SQL> select file_id, block_id, blocks from dba_extents where segment_name = 'idx _ test ';

File_id block_id Blocks
------------------------------
6 17 8

The values 6, 17, 8 are obtained. Here, 6 is the file number, 17 is the block number starting from the interval, and block 23 is in the range 17 + 8.

5. Dump the index data. Dump 23 of file 6 and alter system dump datafile 6 block 23

You can see the content of the index file:

Row #0 [1116] flag: ------, lock: 0, Len = 12
Col 0; Len 2; (2): C1 02
COL 1; Len 6; (6): 01 80 00 0C 00 00
Row #1 [1128] flag: ------, lock: 0, Len = 12
Col 0; Len 2; (2): C1 03
COL 1; Len 6; (6): 01 80 00 0C 00 01
Row #2 [1140] flag: ---- S-, lock: 2, Len = 12
Col 0; Len 2; (2): C1 04
COL 1; Len 6; (6): 01 80 00 0C 00 02
Row #3 [1152] flag: ---- S-, lock: 2, Len = 12 ...........

The first three rows are used as an example,

Row #0 row number.

The first column (ID in this example) of Col 0, Len 2 indicates that the length is 2, and (2) indicates that it occupies two bytes, c1 02 is the storage representation of the ID value (here the value is in hexadecimal notation of 1.

Select dump () from dual you can see = typ = 2 Len = 2: C1, 2 (0 omitted)

COL 1 is rowid, 01 80 00 0C 00 00 is a part of rowid, also hexadecimal ., first, convert it to a binary system, and then calculate the file number, block number, and row number based on the meaning of each digit.

01 80 00 0C 00 00 must first be converted to a binary system:

00000001 10000000 00000000 00001100 00000000 00000000

The first 10 digits 00000001 10 after the strings are concatenated to indicate the file number, = 6

Then the next 22-digit 000000 00000000 00001100 represents the block number = 12

The last 16 bits indicate the row number = 0

Verify that the rowid saved by the index is the same as the rowid information obtained from the test table.

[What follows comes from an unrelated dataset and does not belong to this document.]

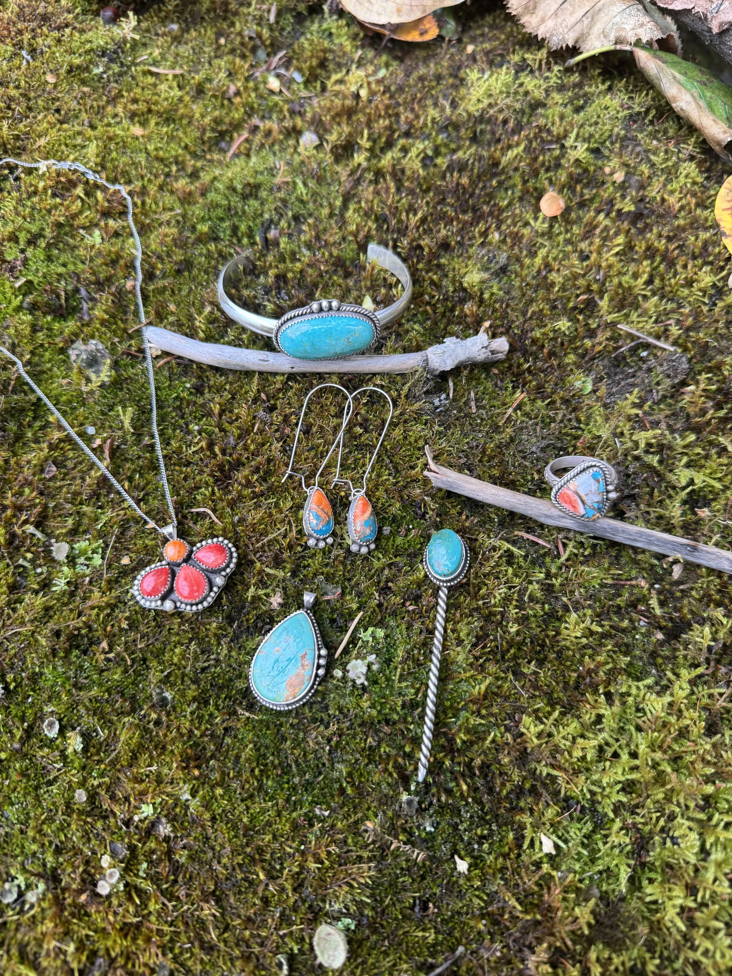 Turquoise Pendant $70.00 Spiny Oyster Necklace $115.00 Emerald valley turquoise ring (size 5) $60.00 Turquoise Hat Pin $40.00
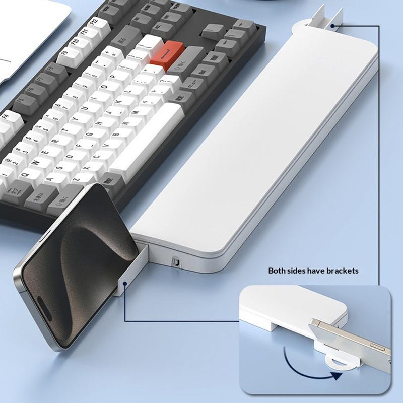 O apoio multifuncional para o pulso do teclado em poliuretano e o organizador do kit de limpeza foram concebidos para combinar o conforto quotidiano com a organização prática da secretária. Funcionando como um apoio de pulso macio para o teclado e como uma caixa de arrumação oculta para ferramentas de limpeza, apoia o posicionamento correto do pulso, mantendo o seu espaço de trabalho limpo e arrumado durante longas horas de trabalho ou de jogo.

SQL> select rowid, ID, dbms_rowid.rowid_relative_fno ('aaarpraagaaamaaa') fno,
2 dbms_rowid.rowid_block_number ('aaarpraagaaaaamaaa') bkno,
3 dbms_rowid.rowid_row_number ('aaarpraagaaaaamaaa') rno
4 From test where id = 1;

Rowid ID fno bkno rno
------------------------------------------------------------------------------------
Aaanp8aaeaaaagdaaa 1 6 12 0

The preceding SQL statement contains 12 0 rows in file 6, proving that the index contains a part of rowid.

Because the index stores the corresponding record rowid, The rowid changes after table move, and the index needs to be rebuilt.

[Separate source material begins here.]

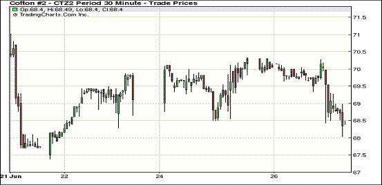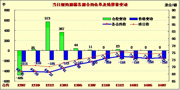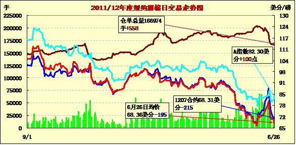 6月26日,紐約期棉市場(chǎng)受歐債危機(jī)影響及相關(guān)期權(quán)交易打壓,市場(chǎng)全面下跌,前兩份合約收跌二百余點(diǎn),其他合約收跌158-185點(diǎn)不等,主力12月合約結(jié)算價(jià)68.20美分/磅,跌185點(diǎn)。當(dāng)日12月合約窄幅開盤,早盤在70美分上下波動(dòng),盤中試圖站穩(wěn)于70美分挑戰(zhàn)失敗,后下跌到69美分以下,交易后期在68-69美分區(qū)間波動(dòng),最終大幅收跌。有交易商通過期權(quán)進(jìn)行套期保值,看跌期權(quán)交易多于看漲期權(quán),對(duì)市場(chǎng)形成壓力。分析師指出,12月合約跌回70美分以下,技術(shù)面將在64美分尋找支撐。歐洲方面,德國總理默克爾對(duì)其所在的執(zhí)政聯(lián)盟內(nèi)的政治家表示其堅(jiān)決反對(duì)歐洲共同承擔(dān)總債務(wù)責(zé)任。另有投資者稱,穆迪投資者服務(wù)機(jī)構(gòu)正計(jì)劃將西班牙的主權(quán)評(píng)級(jí)下調(diào)至“垃圾級(jí)”。在此以前,投資者已將西班牙最大型銀行和公司的違約保險(xiǎn)成本推升至接近于歷史最高水平。

Alter table test move; Alter index idx_test rebuild online; (if not online, the update operation will be blocked)

Create a primary key and unique limitation on the table. If no index is available for the corresponding column, Oracle automatically creates an index with the same name as the corresponding constraint.

When creating a composite index, it is best to put the columns with multiple duplicate values in front of the index, so that the index can be used when querying the columns in order.